-- Supplied information follows --
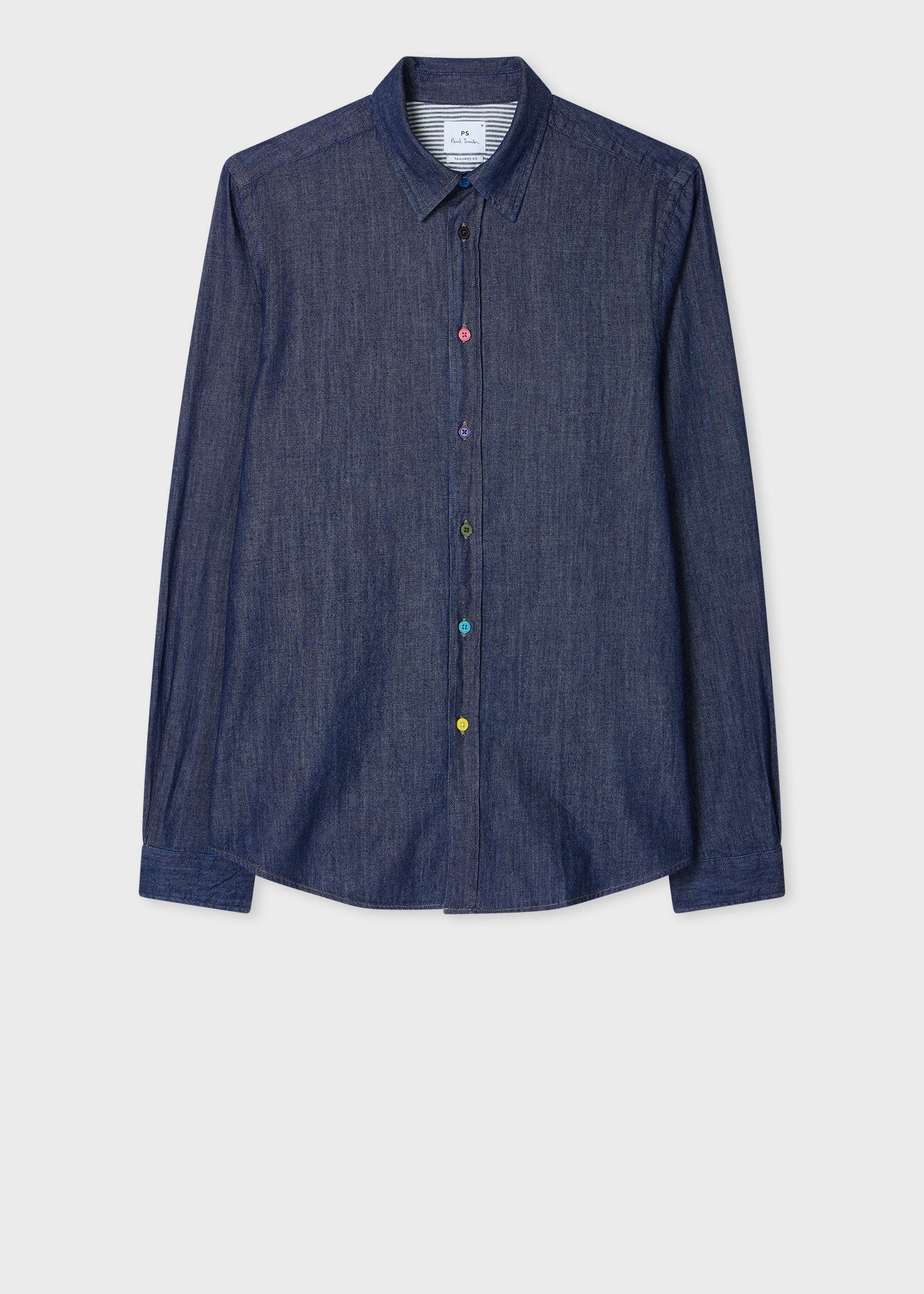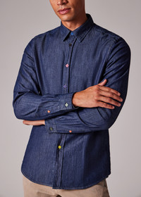 Made from 100% organic cotton denim with a dark rinse finish, this long-sleeve shirt is cut for a tailored-fit. Complete with multicolour buttons and stripe yoke and cuff lining for a signature twist to this classic style The Fit - Tailored-Fit is cut for a slightly slimmer fit through the waist. Product Code: M2R-612P-T22096-R
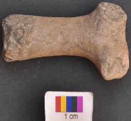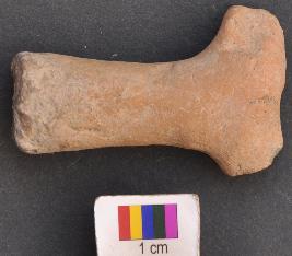 | Description / विवरण | It is a stylized animal figurine perhaps of a bull with thin body and very small knob like broken legs. Its frontal part including face is missing. |
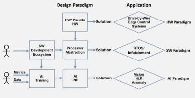As shown in Figure 4, within electronics, there has been a progression of system function construction where the first stage was hardware or pseudo-hardware (FPGA, microcode). The next stage involved the invention of a processor architecture upon which software could imprint system function. Software was a design artifact written by humans in standard languages (C, Python, etc.). The revolutionary aspect of the processor abstraction allowed a shift in function without the need to shift physical assets. However, one needed legions of programmers to build the software. Today, the big breakthrough with Artificial Intelligence (AI) is the ability to build software with the combination of underlying models, data, and metrics. In their basic form, IT systems were not safety critical, and the similar levels of legal liability have not attached to IT products. However, the size and growth of IT is such that problems in large volume consumer products can have catastrophic economic consequences [10]. Thus, the V&V function was very important. IT systems follow the same generic processes for V&V as outlined above, but with two significant differences around the execution paradigm and source of errors. First, unlike the PBE paradigm, the execution paradigm of IT follows a Decision Based Execution mode (DBE). That is, there are no natural constraints on the functional behavior of the underlying model, and no inherent properties of monotonicity. Thus, the whole massive ODD space must be explored which makes the job of generating tests and demonstrating coverage extremely difficult. To counter this difficulty, a series of processes have been developed to build a more robust V&V structure. These include: 1) Code Coverage: Here, the structural specification of the virtual model is used as a constraint to help drive the test generation process. This is done with software or hardware (RTL code). 2) Structured Testing: A process of component, subsection, and integration testing has been developed to minimize propagation of errors. 3) Design Reviews: Structured design reviews with specs and core are considered best practice.
-- Supplied information concluded --
◆ What is required
Could you retype every line above exactly as it appears, skipping the pictures?

◆ Output of the task
 Made from 100% organic cotton denim with a dark rinse finish, this long-sleeve shirt is cut for a tailored-fit. Complete with multicolour buttons and stripe yoke and cuff lining for a signature twist to this classic style The Fit - Tailored-Fit is cut for a slightly slimmer fit through the waist. Product Code: M2R-612P-T22096-R
 | Description / विवरण | It is a stylized animal figurine perhaps of a bull with thin body and very small knob like broken legs. Its frontal part including face is missing. |
As shown in Figure 4, within electronics, there has been a progression of system function construction where the first stage was hardware or pseudo-hardware (FPGA, microcode). The next stage involved the invention of a processor architecture upon which software could imprint system function. Software was a design artifact written by humans in standard languages (C, Python, etc.). The revolutionary aspect of the processor abstraction allowed a shift in function without the need to shift physical assets. However, one needed legions of programmers to build the software. Today, the big breakthrough with Artificial Intelligence (AI) is the ability to build software with the combination of underlying models, data, and metrics. In their basic form, IT systems were not safety critical, and the similar levels of legal liability have not attached to IT products. However, the size and growth of IT is such that problems in large volume consumer products can have catastrophic economic consequences [10]. Thus, the V&V function was very important. IT systems follow the same generic processes for V&V as outlined above, but with two significant differences around the execution paradigm and source of errors. First, unlike the PBE paradigm, the execution paradigm of IT follows a Decision Based Execution mode (DBE). That is, there are no natural constraints on the functional behavior of the underlying model, and no inherent properties of monotonicity. Thus, the whole massive ODD space must be explored which makes the job of generating tests and demonstrating coverage extremely difficult. To counter this difficulty, a series of processes have been developed to build a more robust V&V structure. These include: 1) Code Coverage: Here, the structural specification of the virtual model is used as a constraint to help drive the test generation process. This is done with software or hardware (RTL code). 2) Structured Testing: A process of component, subsection, and integration testing has been developed to minimize propagation of errors. 3) Design Reviews: Structured design reviews with specs and core are considered best practice.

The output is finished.